Let's understand this with the help of the problem statement.

Problem Statement

Suppose you are given that there are few friends. They have borrowed money from each other due to which there will be some cash flow on the network. Our main aim is to design an algorithm by which the total cash flow among all the friends is minimized.

For example:

There are three friends A1, A2, A3; you have to show the settlement of input debts between them.

 

Note: Please try to solve the Minimizing Cash Flow on CodeStudio before stepping into the solution.

Approach 1: Greedy Algorithm

The approach we will be using for minimizing cash flow is the Greedy Algorithm. The greedy approach is used to build the solution in pieces, and this is what we want to minimize the cash flow. At every step, we will settle all the amounts of one person and recur for the remaining n-1 persons.

Calculate the net amount for every person, which can be calculated by subtracting all the debts, i.e., the amount to be paid from all credit, i.e., the amount to be paid to him. After this, we will find two persons with the maximum and the minimum net amounts. The person with a minimum of two is our first person to be settled and removed from the list.

Following algorithm will be done for every person varying 'i' from 0 to n-1.

  1. The first step will be to calculate the net amount for every person and store it in an amount array.
    1. Net amount = sum(received money) - sum(sent money).
  2. Find the two people that have the most credit and the most debt. Let the maximum amount to be credited from maximum creditor be max_credit and the maximum amount to be debited from maximum debtor be max_debit. Let the maximum debtor be debt and maximum creditor be cred.
  3. Let the minimum of two amounts be 'y'.
  4. If y equals max_credit, delete cred from the list and repeat for the remaining (n-1) people.
  5. If y equals max_debit, delete debt from the group of people and repeat for recursion.
  6. If the amount is 0, then the settlement is done.

Implementation

class Solution
{
//Total no of persons 
static final int n = 3;

//Returns the index of minimum value in arr[]
static int get_min(int arr[])
{
int in = 0;
for (int i = 1; i < n; i++)
if (arr[i] < arr[in])
in = i;
return in;
}

//Returns the maximum index in arr[]
static int get_max(int arr[])
{
int in = 0;
for (int i = 1; i < n; i++)
if (arr[i] > arr[in])
in = i;
return in;
}

//Function which return the minimum of 2 values
static int min_two(int x, int y)
{
return (x < y) ? x: y;
}


//Here amount array is storing the net amount to be settled 
//to/from person p(i), now if amount[p] is +ve then ith person 
//give amount[i] otherwise amount[p] will give -amount[i].

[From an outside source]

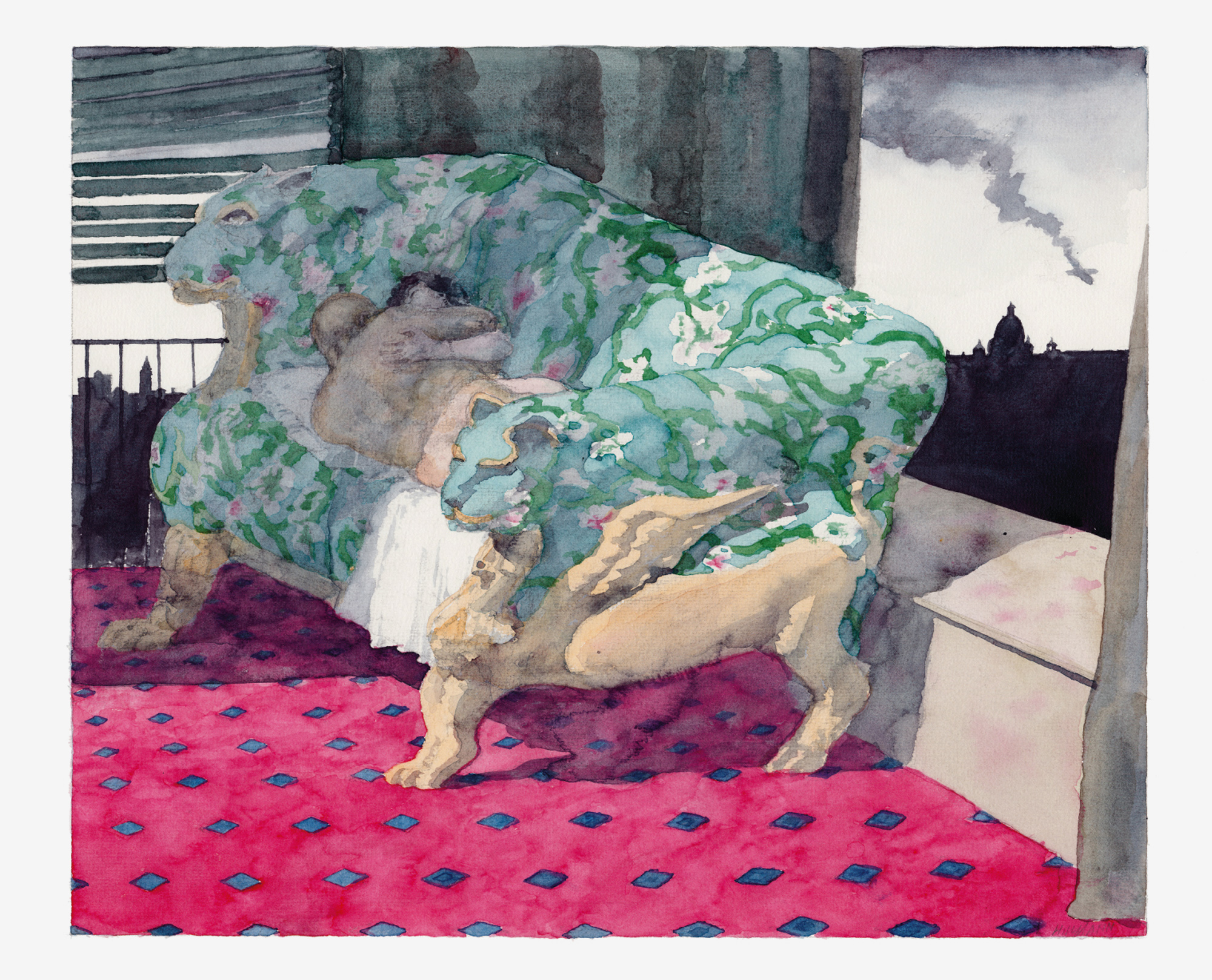 Liebesgeschichten – Claretta Petacci & Benito MussoliniJahr: 1990Medium: IllustrationMaße: 29x21 cmTechnik: AquarellzeichnungAuftraggeber: Frankfurter Allgemeine MagazinOrt: Frankfurt am MainAus der Serie »Liebesgeschichten«. Abgedruckt im »FAZ Magazin«.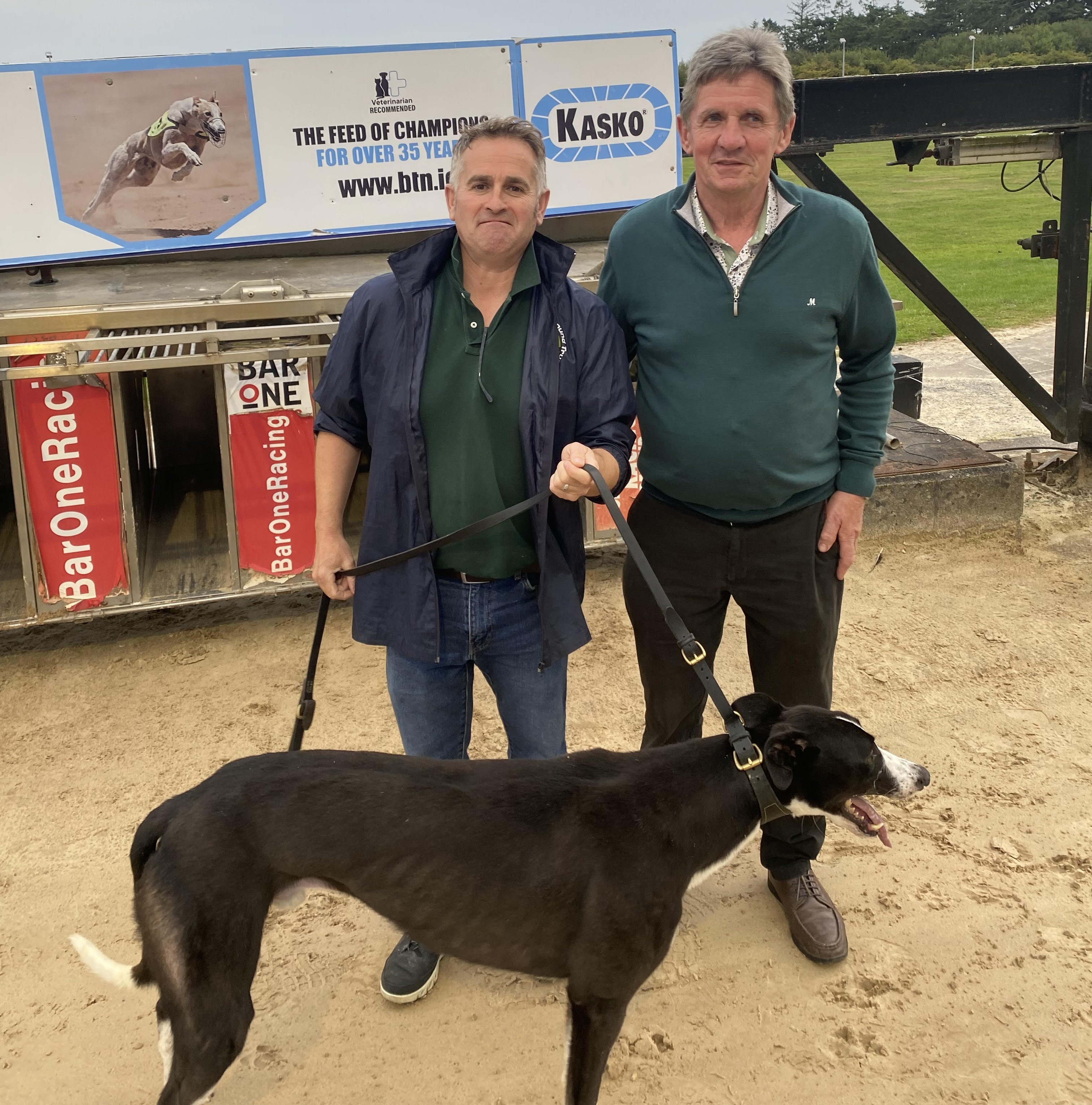 The well-backed even money favourite (Pic right with) John Linehan and Mossie O’Leary after Droopys Sort clocked a top class 28:07 in the opening round of the A1 Kasko Derby.  displayed plenty of early dash to slip around in front and in truth, the September puppy was always in control up front. Clocking a top class 15.97 down into the third corner, the impressive winner then stayed on strongly to beat Priceless Romeo, by four and a half lengths, in 28.07.

static void min_cashRec(int amount[])
{
// Find the indexes of minimum and
// maximum values in amount[]
// amount[max_credit] indicates the maximum amount
// that to be given to the person.
// And amount[max_debit] indicates the maximum amount
// to be taken from a person.
//Along with the positive value there will also be negative value
int max_credit = get_max(amount), max_debit = get_min(amount);

//amounts to be 0 for the settlement
if (amount[max_credit] == 0 && amount[max_debit] == 0)
return;

// Find the minimum of two amounts
int min = min_two(-amount[max_debit], amount[max_credit]);
amount[max_credit] -= min;
amount[max_debit] += min;

// If the minimum is the maximum amount to be
System.out.println("Person " + max_debit + " pays " + min
" to ""Person " + max_credit);

//recur for remaining persons
min_cashRec(amount);
}

// Given a set of persons as graph[]
// where graph[i][j] indicates
// the amount that person i needs to
// pay person j, this function
//finds and settles the debts.
static void min_cash(int graph[][])
{
// Create an array amount[],
// initialize all value in it as 0 for storing
//the net amount.
int amount[]=new int[n];

// Calculate the net amount to
// be paid to person 's', and
// stores it in amount[s]. The
// value of amount[s] an be
//calculated by subtracting 
//sum of all received money - sum of all sent money.

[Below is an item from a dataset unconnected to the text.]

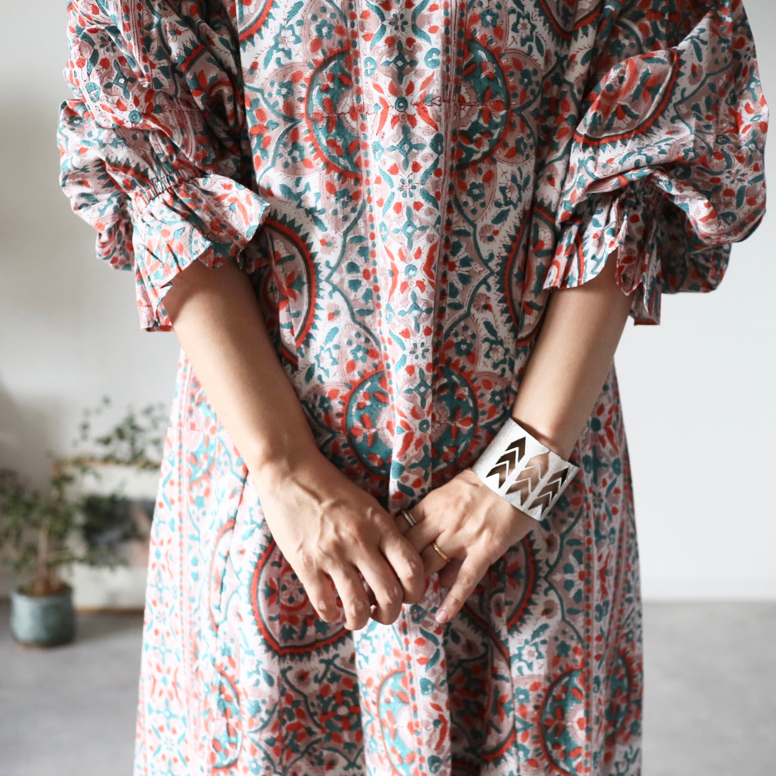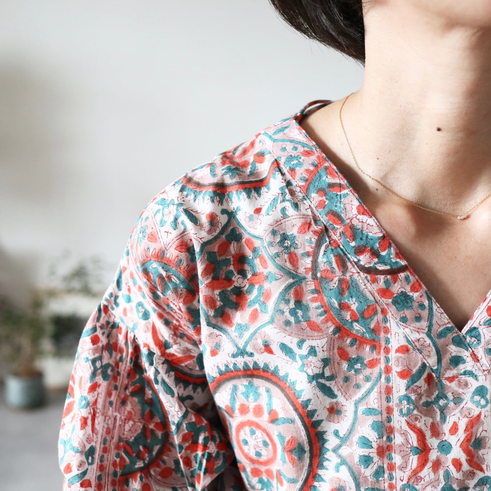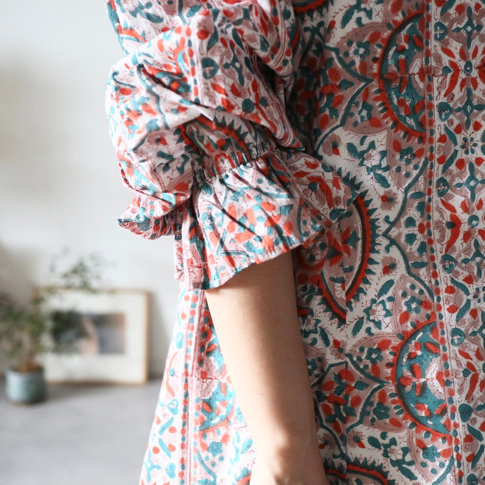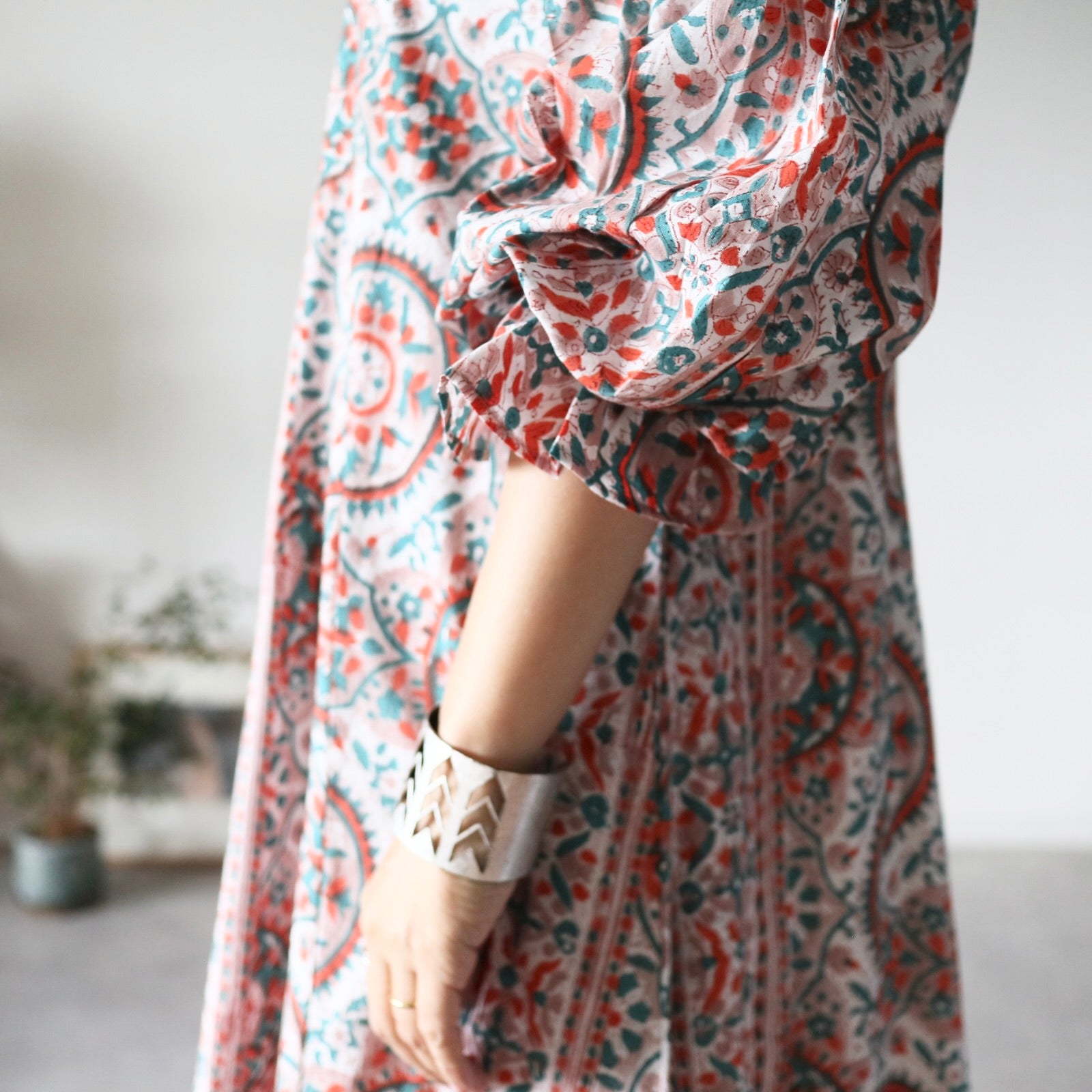 日本から遠く離れたインドの工房で一から全ての工程を一枚一枚プロの職人さんが仕立てた、ハンドブロックプリントワンピース。

for (int s = 0; s < n; s++)
for (int i = 0; i < n; i++)
amount[s] += (graph[i][s] - graph[s][i]);

min_cashRec(amount);
}

// Main function
public static void main (String[] args)
{
// cash[i][j] means that the amount
//person i has to pay to person j.
int cash[][] = { {020004000},
{003000},
{000},};

// Print the solution
min_cash(cash);
}
}

Output

Person 0 pays 6000 to Person 2
Person 1 pays 1000 to Person 2

 

Complexity Analysis

  • Time Complexity: The time complexity of minimizing the cash flow is O(n^2). Where n = number of persons.
  • Space Complexity:

Frequently asked questions

  1. What do you mean by minimizing cash flow?
    Here minimizing cash flow means how efficiently or conveniently you can make a flow of cash transfer among your friends.
     
  2. What do you mean by Greedy Algorithm?
    Greedy is an algorithmic approach that assembles a solution piece by piece, constantly opting for the next piece that provides the most evident and immediate benefit. Greedy is best suited to problems when picking locally optimal leads to a global solution.
     
  3. What is the time complexity of this approach?
    The time complexity of this approach efficiently is O(n^2), where n is equal to the number of persons.

Key Takeaways

In this blog, we discuss the problem's solution, where we have to minimize the cash flow among the friends.

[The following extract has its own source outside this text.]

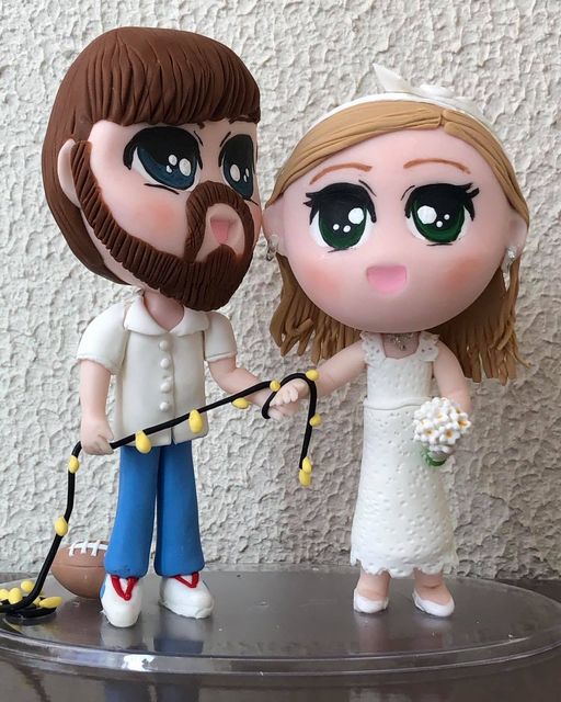 Gostamos de fazer parte destes momentos e oferecemos uma linha de “topo de bolo” personalizados como côr dos olhos, detalhes do vestido, detalhes do cabelo da noiva, hobby do noivo.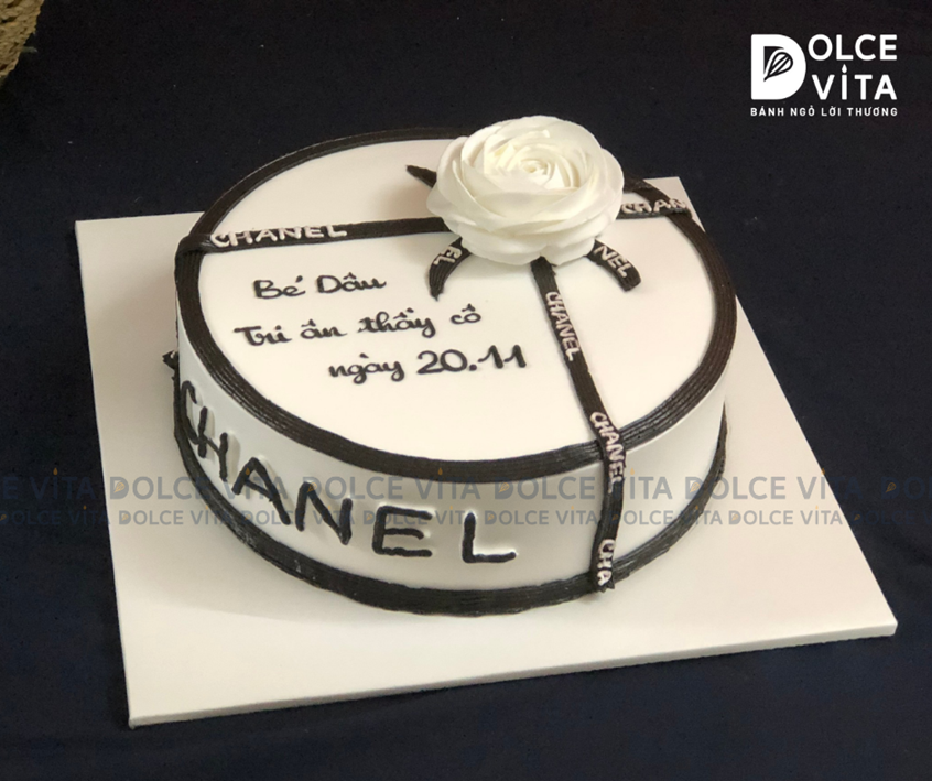 Chiếc bánh được trang trí mô phỏng hộp quà Chanel, với tone đen – trắng kinh điển, tạo nên vẻ đẹp tối giản nhưng đầy đẳng cấp.

We see the implementation of minimizing cash flow problems in the Java language. Apart from this, you can practice more questions similar to this problem or on a Greedy algorithm like Find minimum time to finish all jobs with given constraints,  Find maximum sum possible equal to the sum of three stacks, and many more.

You can also have a view of the Data Structures and Algorithms guided path to start your preparation from scratch.


Happy Reading!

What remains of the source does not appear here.